EXERCISE BRIEF: Keep the pictures out, please, and set down every record exactly.

[Collected data]

-- -- --

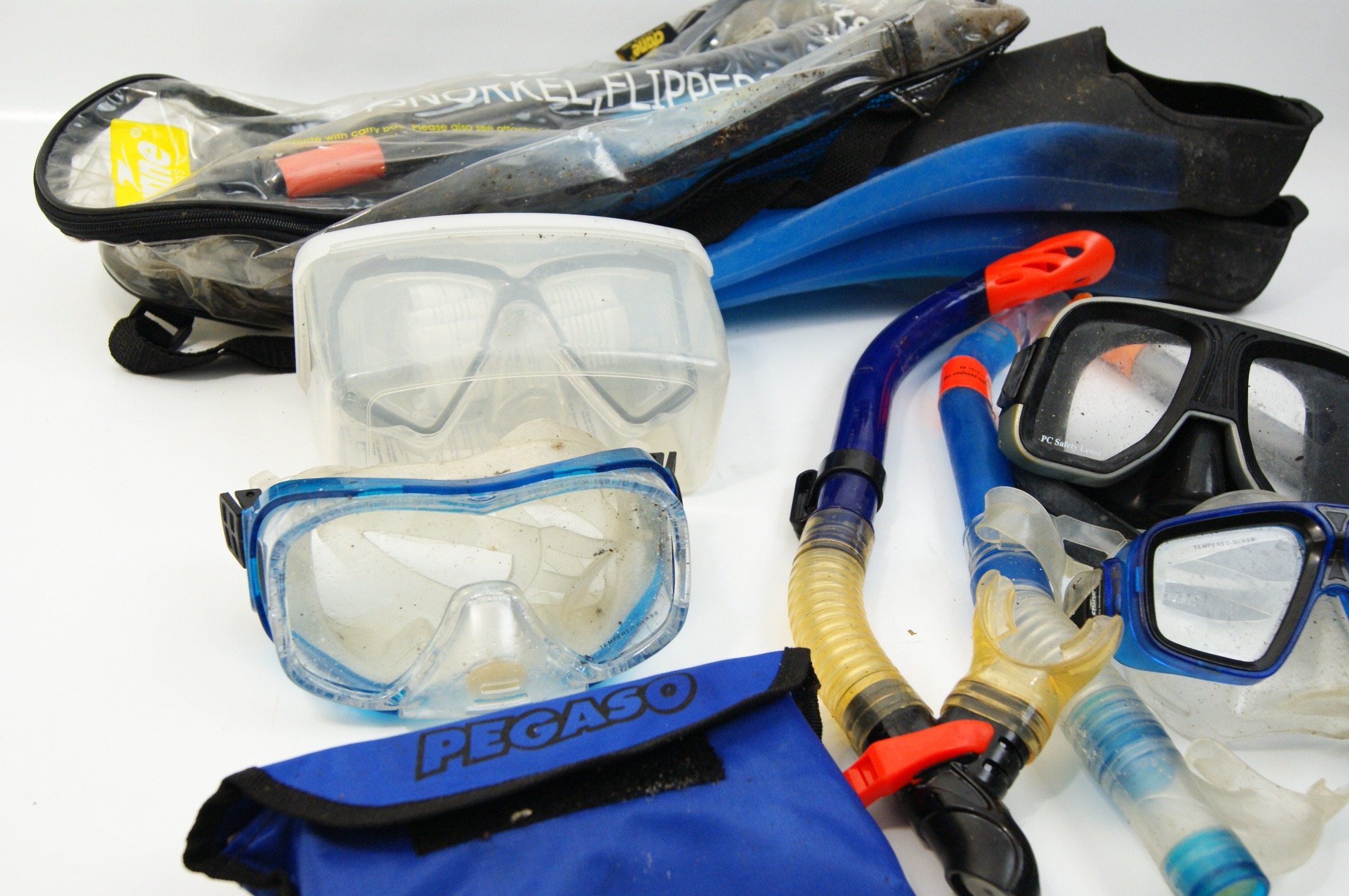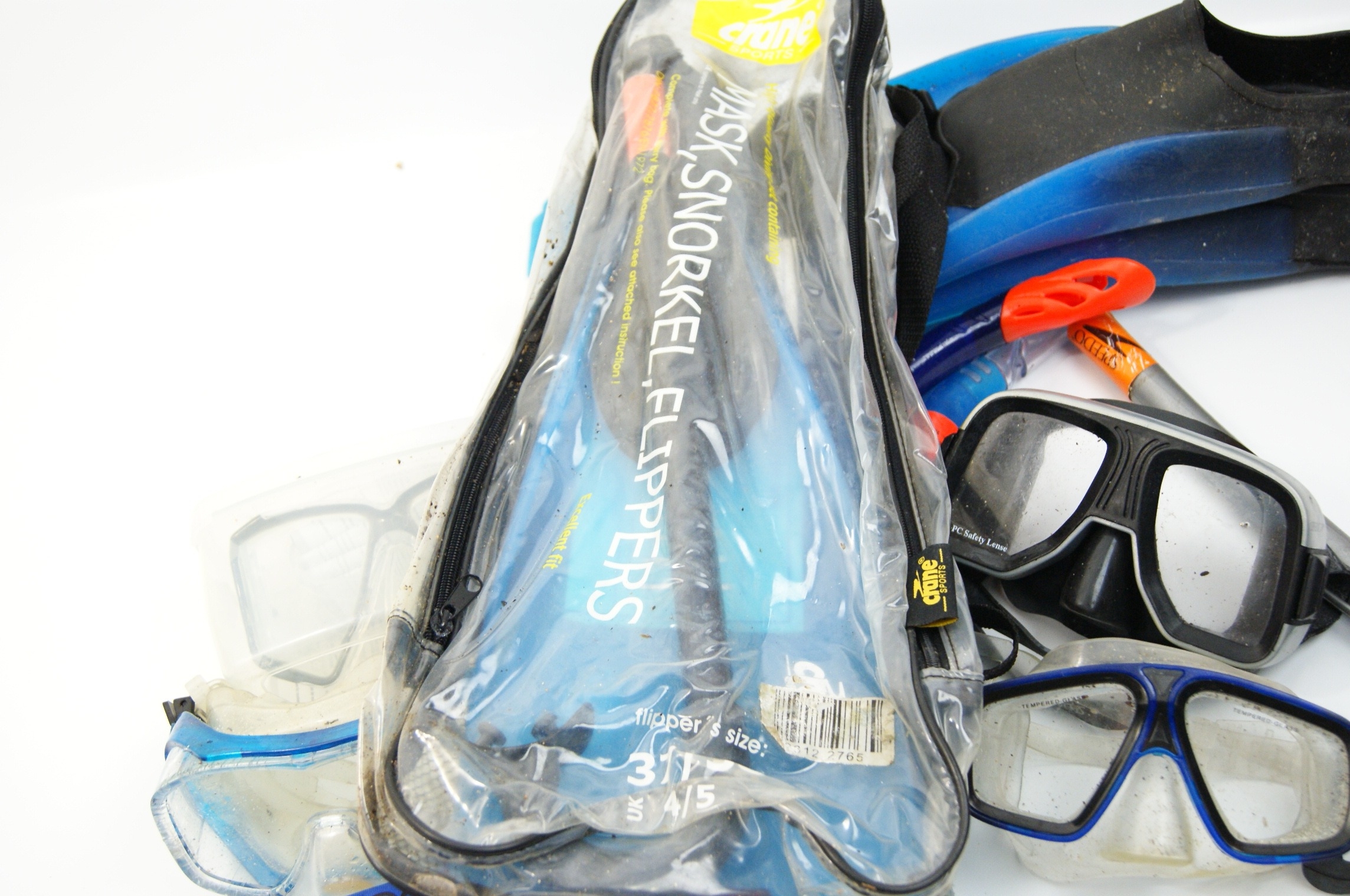 A Collection of Snorkeling Equipment including Speedo and Crane Sports
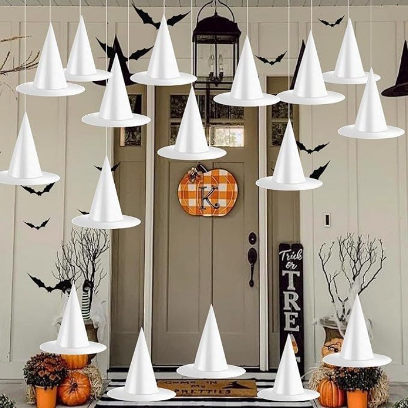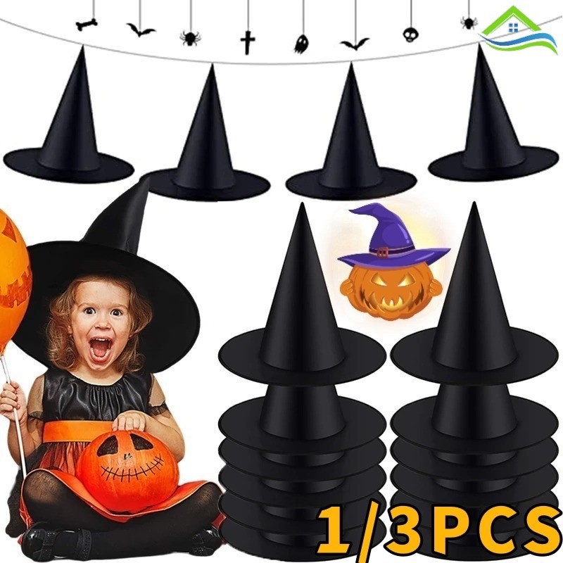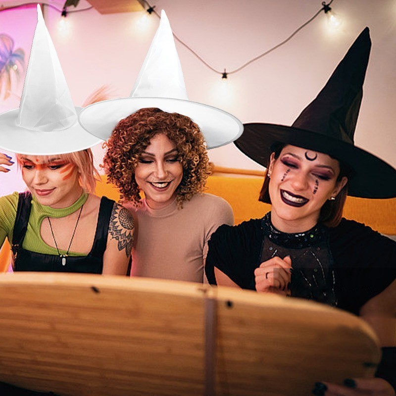 1/3ชิ้นที่เรียบง่ายสีดําสีขาวฮาโลวีนคอสเพลย์เครื่องแต่งกาย พี เชือก พ่อมดหมวก-น่ารักคลาสสิกฮาโลวีนธีมพรรคแม่มดมายากลหมวก
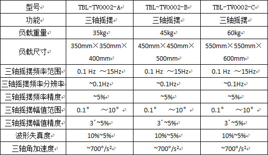 主要指标:1、TBL-T3302型系列三轴转台
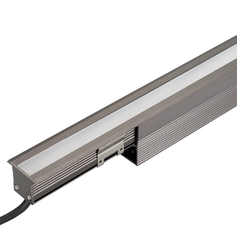 Встраиваемый светодиодный светильник для грунта и пола с монтажной чашей. Мощность 24 Вт, световой поток 1050 лм, цвет ДНЕВНОЙ 4000К. CRI(Ra)>80, угол 120°. Прямоугольный влагозащищенный корпус IP67, серебристый алюминий. Экран PMMA. Выдерживает нагрузку 300 кг. Питание DC24V, 24 Вт. Размер ДxШxВ 1000x38x51 мм. Установка в отверстие ДxШxВ 1000x33.2x51 мм. Допускается регулирование светового потока ШИМ.
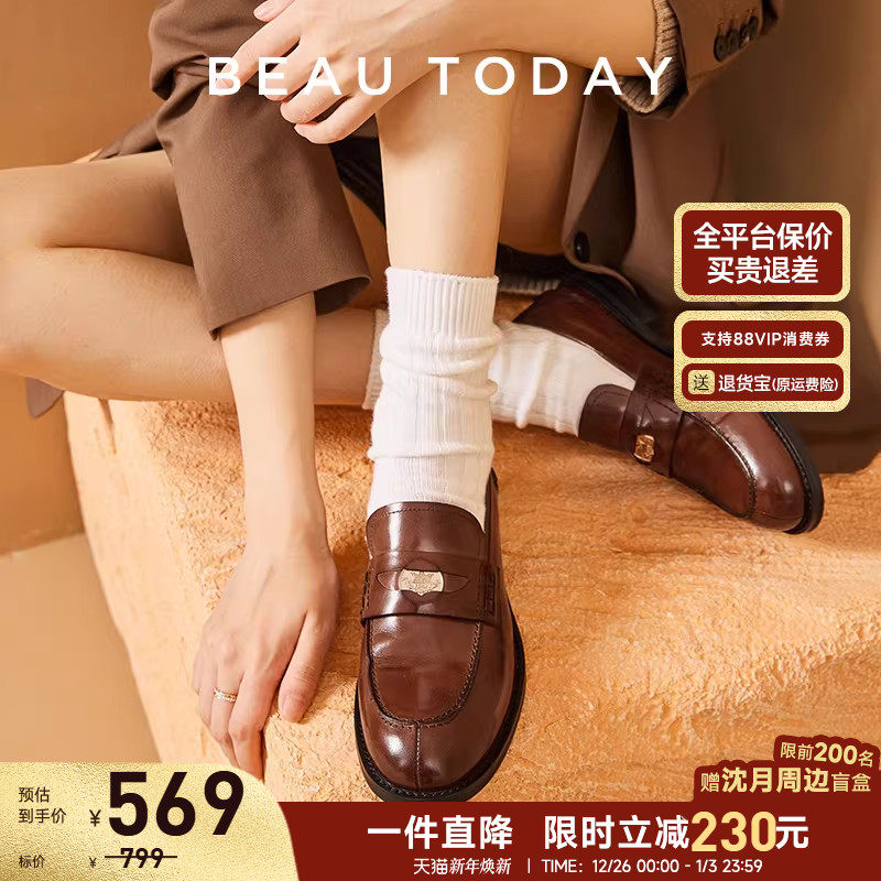 BeauToday焦糖金币乐福鞋女2025新款复古平底单鞋女英伦风小皮鞋
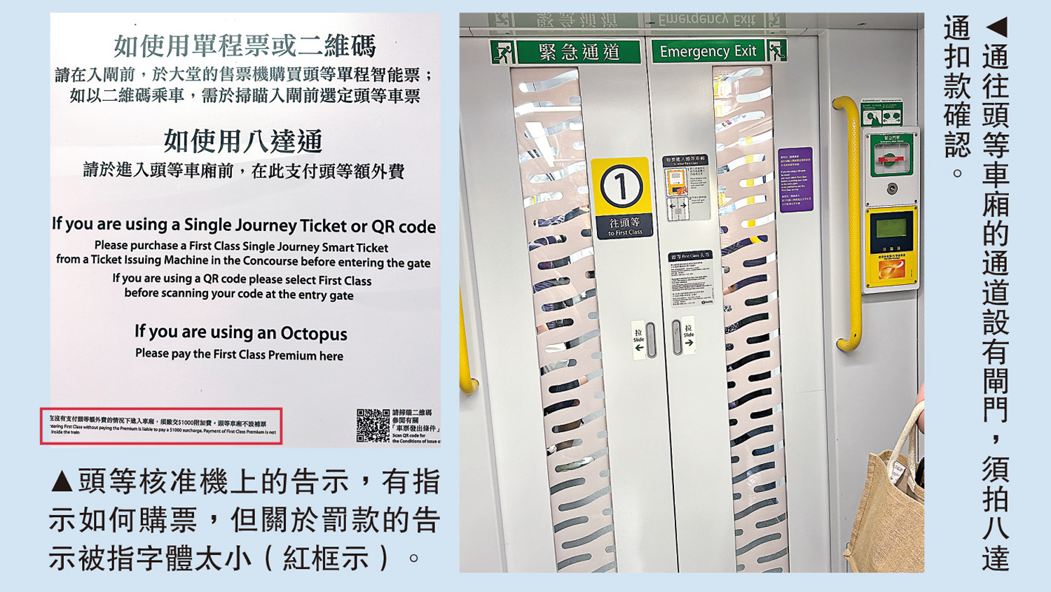港鐵回覆《大公報》表示,港鐵的顧客服務及收益保護組專責執行查票職務,每日在網絡內不同地方查票,包括港鐵站、東鐵綫頭等車廂以及輕鐵。當中在東鐵綫頭等車廂進行查票時,港鐵人員會要求車廂內所有乘客(不論本地乘客或旅客)出示頭等單程票、八達通或二維碼,如乘客未能出示有效的頭等車票,人員會根據《香港鐵路附例》向乘客徵收1000元附加費。東鐵綫車站的客務中心及售票機均有列出頭等額外費用的資訊,而東鐵綫車站月台頭等車廂等候區,以及列車車廂內多個當眼位置亦貼有告示,包括近期新設計的宣傳告示,提醒乘客使用頭等車廂須持有有效的頭等車票。
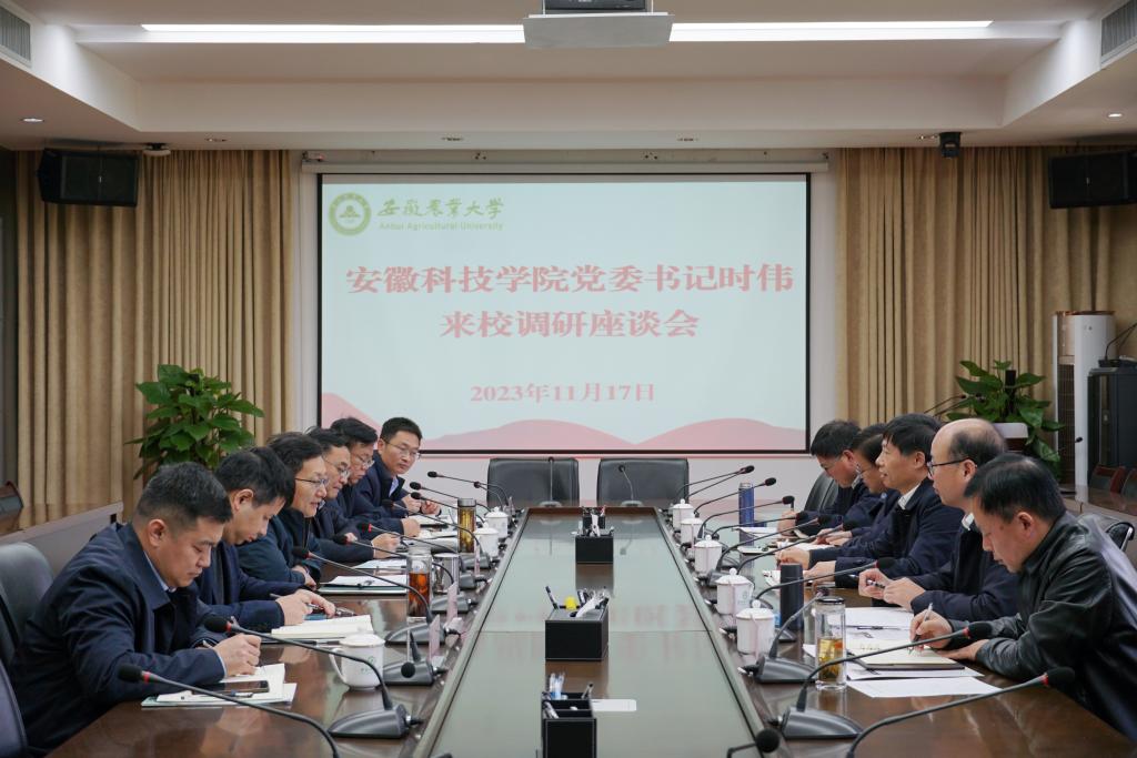 时伟向安徽农业大学介绍了博业体育(中国)官方网站-登录入口的基本校情及近年来改革、建设与发展情况,详细听取了安徽农业大学近年来改革、建设与发展情况的介绍,特别是该校在学科专业建设、人才队伍建设、科研管理及产学研合作等方面取得的显著成效、积累的成功经验。

-- -- --

SOLUTION TO THIS TASK:
 A Collection of Snorkeling Equipment including Speedo and Crane Sports
 1/3ชิ้นที่เรียบง่ายสีดําสีขาวฮาโลวีนคอสเพลย์เครื่องแต่งกาย พี เชือก พ่อมดหมวก-น่ารักคลาสสิกฮาโลวีนธีมพรรคแม่มดมายากลหมวก
 主要指标:1、TBL-T3302型系列三轴转台
 Встраиваемый светодиодный светильник для грунта и пола с монтажной чашей. Мощность 24 Вт, световой поток 1050 лм, цвет ДНЕВНОЙ 4000К. CRI(Ra)>80, угол 120°. Прямоугольный влагозащищенный корпус IP67, серебристый алюминий. Экран PMMA. Выдерживает нагрузку 300 кг. Питание DC24V, 24 Вт. Размер ДxШxВ 1000x38x51 мм. Установка в отверстие ДxШxВ 1000x33.2x51 мм. Допускается регулирование светового потока ШИМ.
 BeauToday焦糖金币乐福鞋女2025新款复古平底单鞋女英伦风小皮鞋
港鐵回覆《大公報》表示,港鐵的顧客服務及收益保護組專責執行查票職務,每日在網絡內不同地方查票,包括港鐵站、東鐵綫頭等車廂以及輕鐵。當中在東鐵綫頭等車廂進行查票時,港鐵人員會要求車廂內所有乘客(不論本地乘客或旅客)出示頭等單程票、八達通或二維碼,如乘客未能出示有效的頭等車票,人員會根據《香港鐵路附例》向乘客徵收1000元附加費。東鐵綫車站的客務中心及售票機均有列出頭等額外費用的資訊,而東鐵綫車站月台頭等車廂等候區,以及列車車廂內多個當眼位置亦貼有告示,包括近期新設計的宣傳告示,提醒乘客使用頭等車廂須持有有效的頭等車票。
 时伟向安徽农业大学介绍了博业体育(中国)官方网站-登录入口的基本校情及近年来改革、建设与发展情况,详细听取了安徽农业大学近年来改革、建设与发展情况的介绍,特别是该校在学科专业建设、人才队伍建设、科研管理及产学研合作等方面取得的显著成效、积累的成功经验。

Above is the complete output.